Ley de Eficiencia Energética en riesgo: Advierten que «señales de reducción presupuestaria generan preocupación»
La normativa tiene como objetivo reducir el consumo energético, bajar costos y disminuir emisiones contaminantes. Sin embargo, su proceso de actualización podría enfrentar dificultades con el cambio de prioridades del gobierno de José Antonio Kast.

Imagen: Gemini
Por: Jesús Primera
La Ley de Eficiencia Energética se ha consolidado como una de las principales políticas públicas de Chile para modernizar el uso de la energía y enfrentar la crisis climática. Promulgada en 2021, la normativa establece obligaciones para grandes consumidores, estándares para vehículos y nuevas exigencias para edificaciones, con el fin de optimizar recursos y reducir la intensidad energética del país.
Entre sus principales beneficios se encuentra la disminución de costos operacionales en empresas e industrias, una mayor seguridad del sistema eléctrico y una reducción de emisiones de gases de efecto invernadero. También impulsa la incorporación de nuevas tecnologías, mejores procesos productivos y viviendas con mayor eficiencia térmica.
Uno de los sectores donde la ley adquiere mayor relevancia es la minería, debido a su alto consumo energético. En paralelo, el transporte público ha mostrado avances importantes mediante la incorporación de buses eléctricos en Santiago, posicionando al país como referente regional en electromovilidad.
Durante 2026 corresponde iniciar la actualización del plan asociado a la normativa, proceso que contempla revisar metas de reducción de consumo, mejorar sistemas de reporte y ajustar estándares técnicos en distintas áreas productivas.
Desde Empresas Eléctricas AG, gremio que agrupa a CGE, Chilquinta, Enel Distribución, Grupo Saesa y Empresa Eléctrica Puente Alto, advierten que el éxito de estas medidas depende también de fortalecer la infraestructura energética. “Las políticas públicas están bien orientadas y alineadas con los objetivos de descarbonización, pero enfrentan desafíos en su implementación. Hoy existe una brecha entre la ambición de las metas y las herramientas regulatorias disponibles, especialmente en distribución eléctrica. La eficiencia energética es clave para la transición, pero no basta por sí sola: necesitamos redes modernas, resilientes e inteligentes que permitan que esa eficiencia se traduzca en beneficios reales para las personas”.
En este contexto, el exministro de Energía y Minería, Claudio Huepe, planteó que la disponibilidad de recursos será clave para el avance de la normativa. “La definición de los recursos públicos disponibles para eficiencia energética aún no está cerrada, pero las señales de reducción presupuestaria generan preocupación.
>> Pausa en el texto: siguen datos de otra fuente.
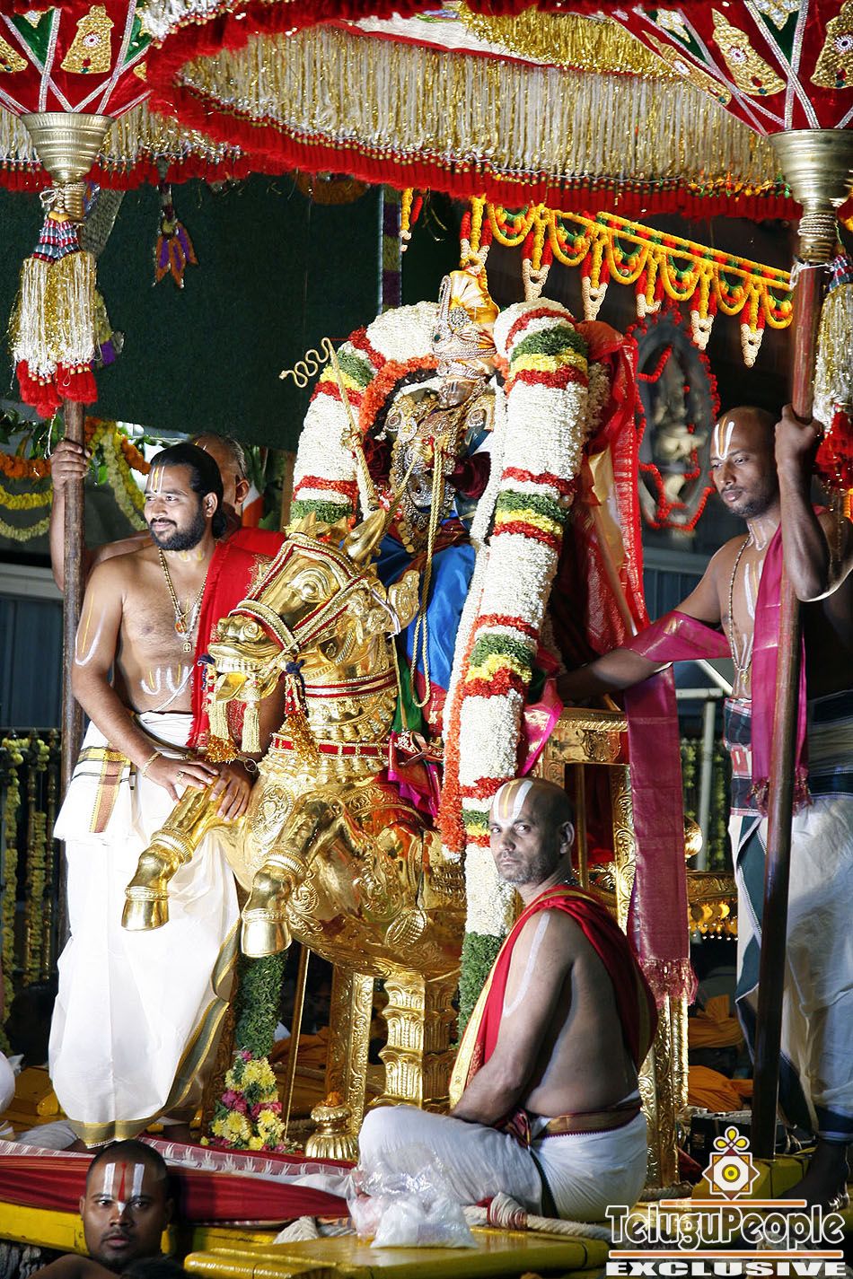 Lord Venkateswara rides his horse chariot on the evening of eighth day of the Srivari Brahmotsavam and enthralls lakhs of pilgrims who descend on Tirumala as the festival reaches a crescendo and heads towards conclusion.The Horse procession denotes one of his most popular and well received avatars as Kalki – a good Samaritan who fights the evil and protects the righteous and good things in the Kaliyuga.The Kalki avatar of Lord Venkateswara is hailed as the most significant in the celestial lore’s of Malayalappa. The Horse ( Ashwa) is described as the only living witness to the first meeting of Venkateswara and his consort Padmavati, their romance and finally culmination in love and wedding.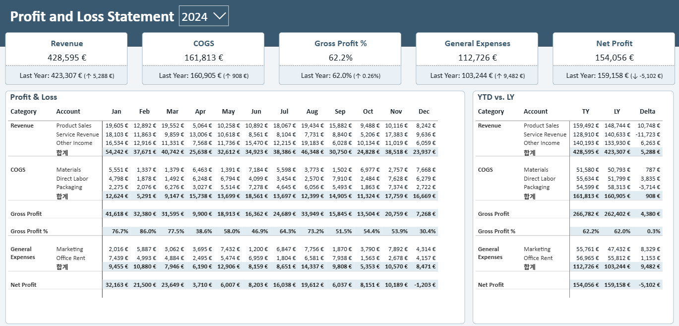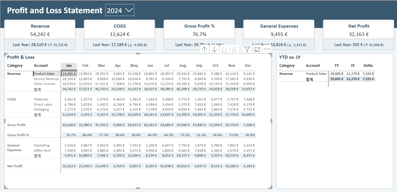 총 3가지의 필터링이 걸리면서 다른 데이터의 객체도 해당하는 데이터만 나타나게 됩니다. 즉, 다른 시각화 객체에서도 Category = 'Revenue', Account = 'Product Sales', Month = 'Jan' 3가지의 필터링이 걸린 결과가 나오게 되는 거죠. 이 원리를 알아야 시각화에서 기능적으로 표현하고 싶은 걸 표현할 수 있습니다.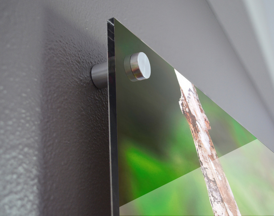 Impression sur acrylique avec entretoises ( cylindres métalliques )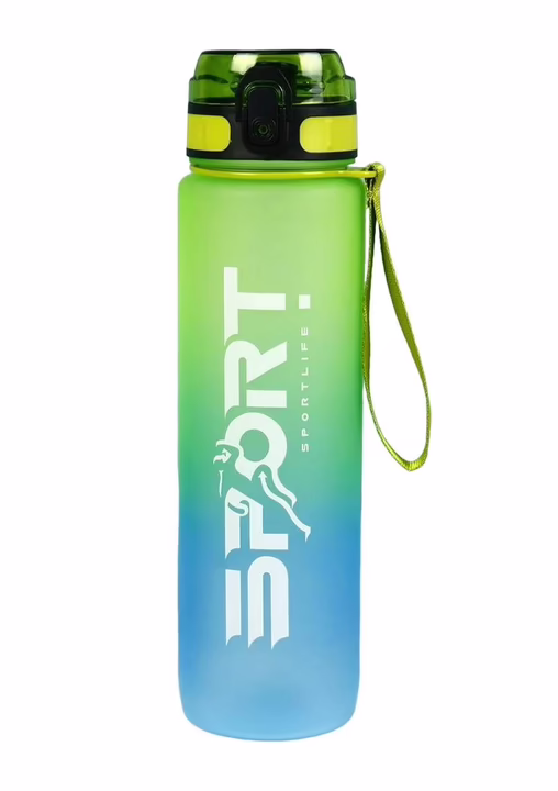 Бутылочка для воды из гипоаллергенного пластика, оснащена завинчивающейся крышкой, поильником, дополнительной крышкой "на кнопке", которая закрывает поильник, ремешком.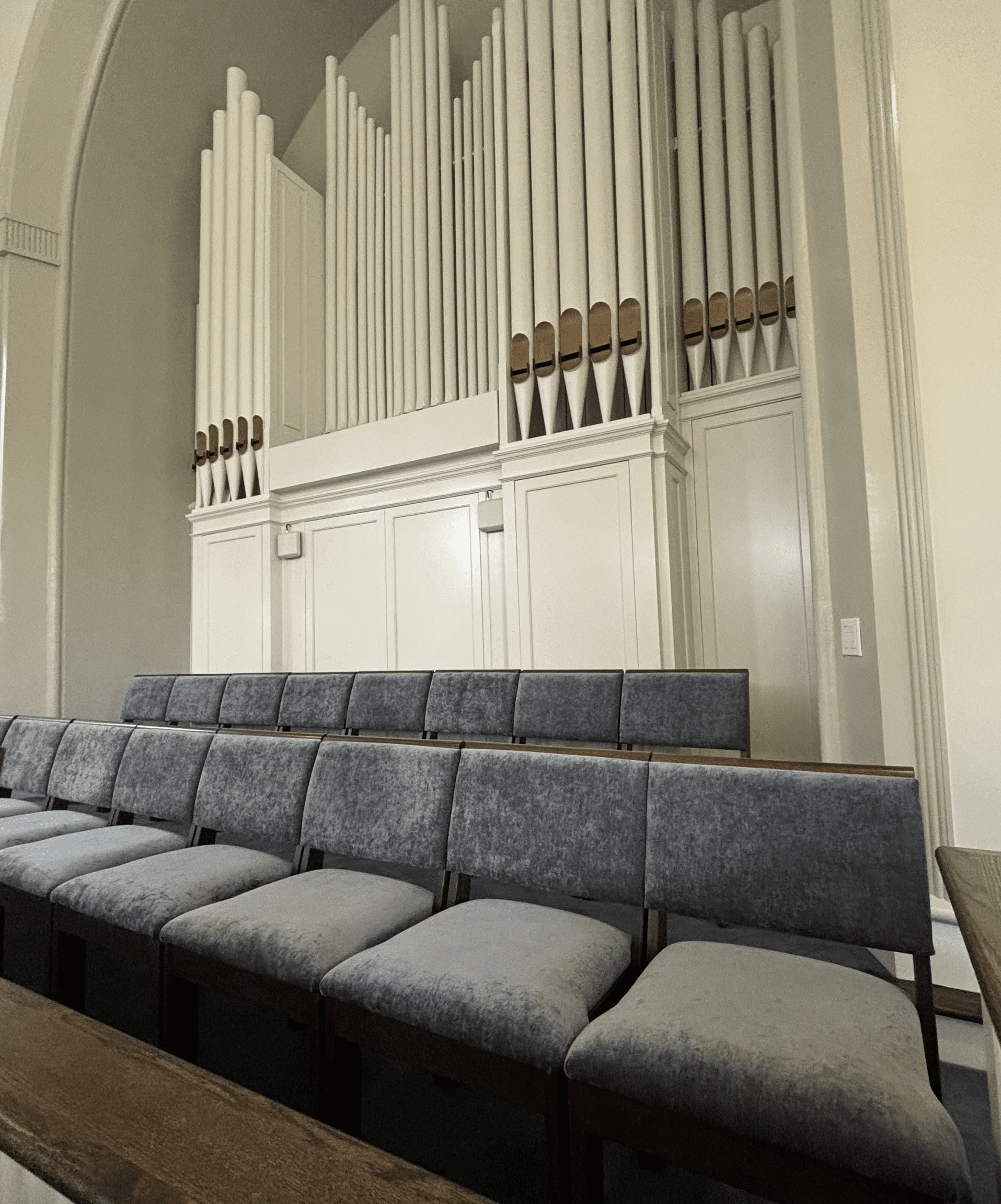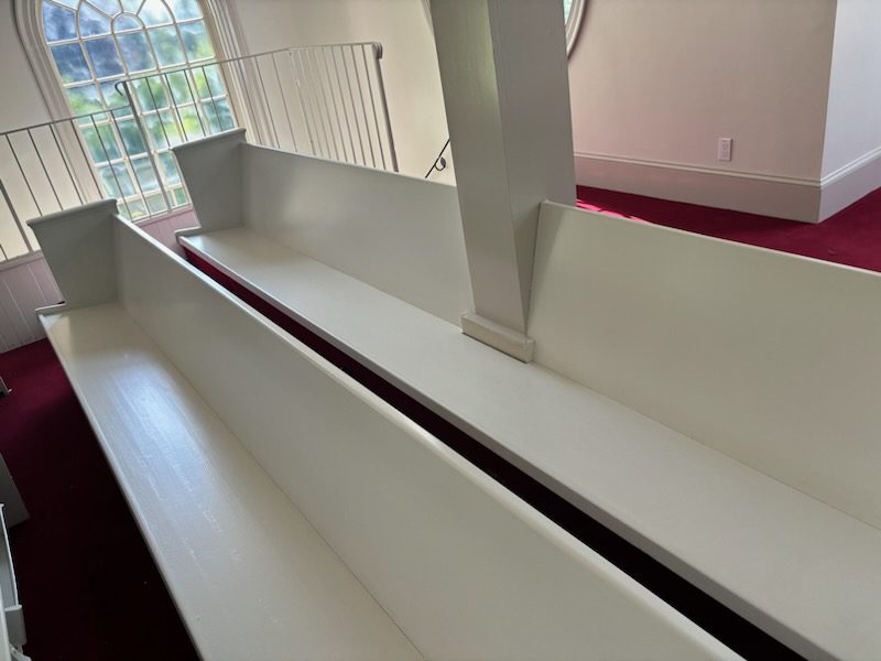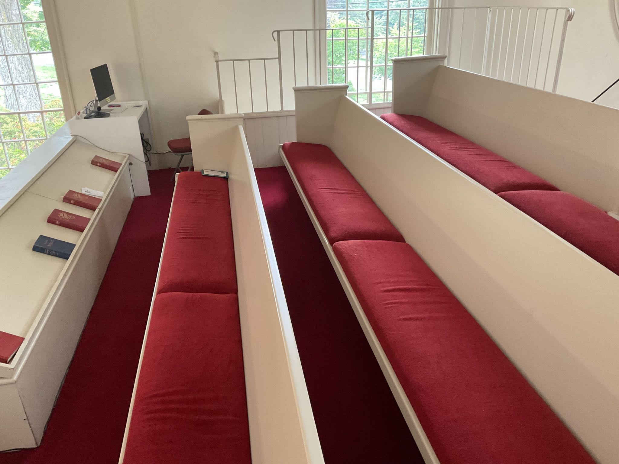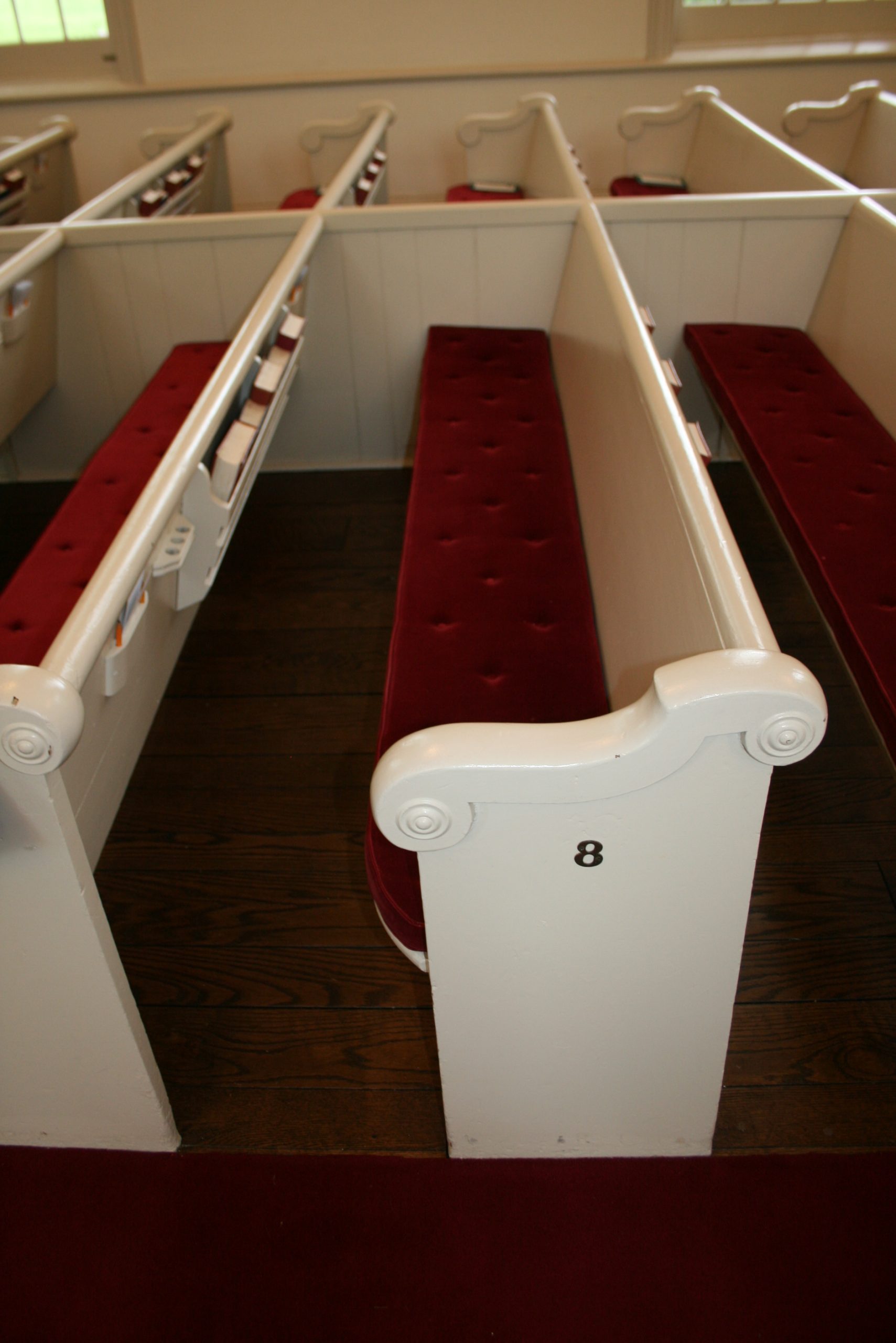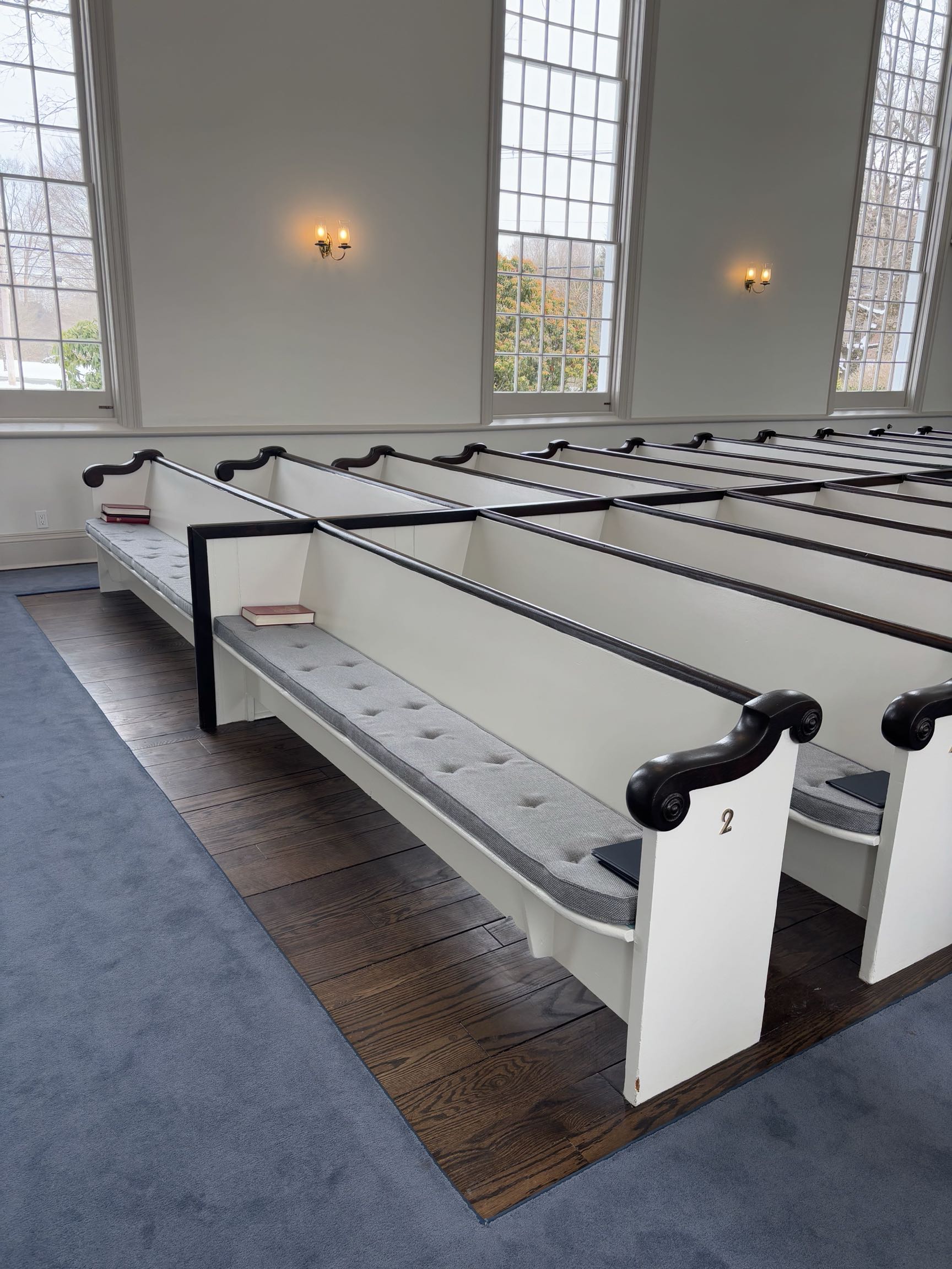 Interior Projects: plaster repairs & paint throughout the church, pew carpentry repairs & refinishing, fabrication of reversible and & flat based cushions.

Los programas son perfectibles, pero deben ser entendidos como aporte a una inversión, a mejores resultados económicos junto con menos impacto ambiental. Una reducción presupuestaria que no considere el aporte de la eficiencia energética al desarrollo arriesga tener un impacto negativo en los objetivos directos de la transición así como en el desarrollo económico general”, señaló.
No obstante, el nuevo contexto político podría complejizar ese avance. El gobierno de José Antonio Kast ha priorizado temas como seguridad, crecimiento económico y reducción del gasto fiscal, lo que podría traducirse en menor financiamiento para programas energéticos o una menor urgencia regulatoria en materias medioambientales. A ello se suman los recortes aplicados al área de transportes, que han derivado en ajustes impulsados por el ministro Louis de Grange sobre la operación actual del sistema público, incluyendo cambios en la circulación de algunos buses, medidas que podrían alejarse del impulso sostenido a la electromovilidad en Santiago.
Pese a esto, la Ley de Eficiencia Energética continúa siendo una herramienta central para mejorar la competitividad del país, reducir costos y avanzar hacia un modelo de desarrollo más sustentable e independiente de las energías fósiles.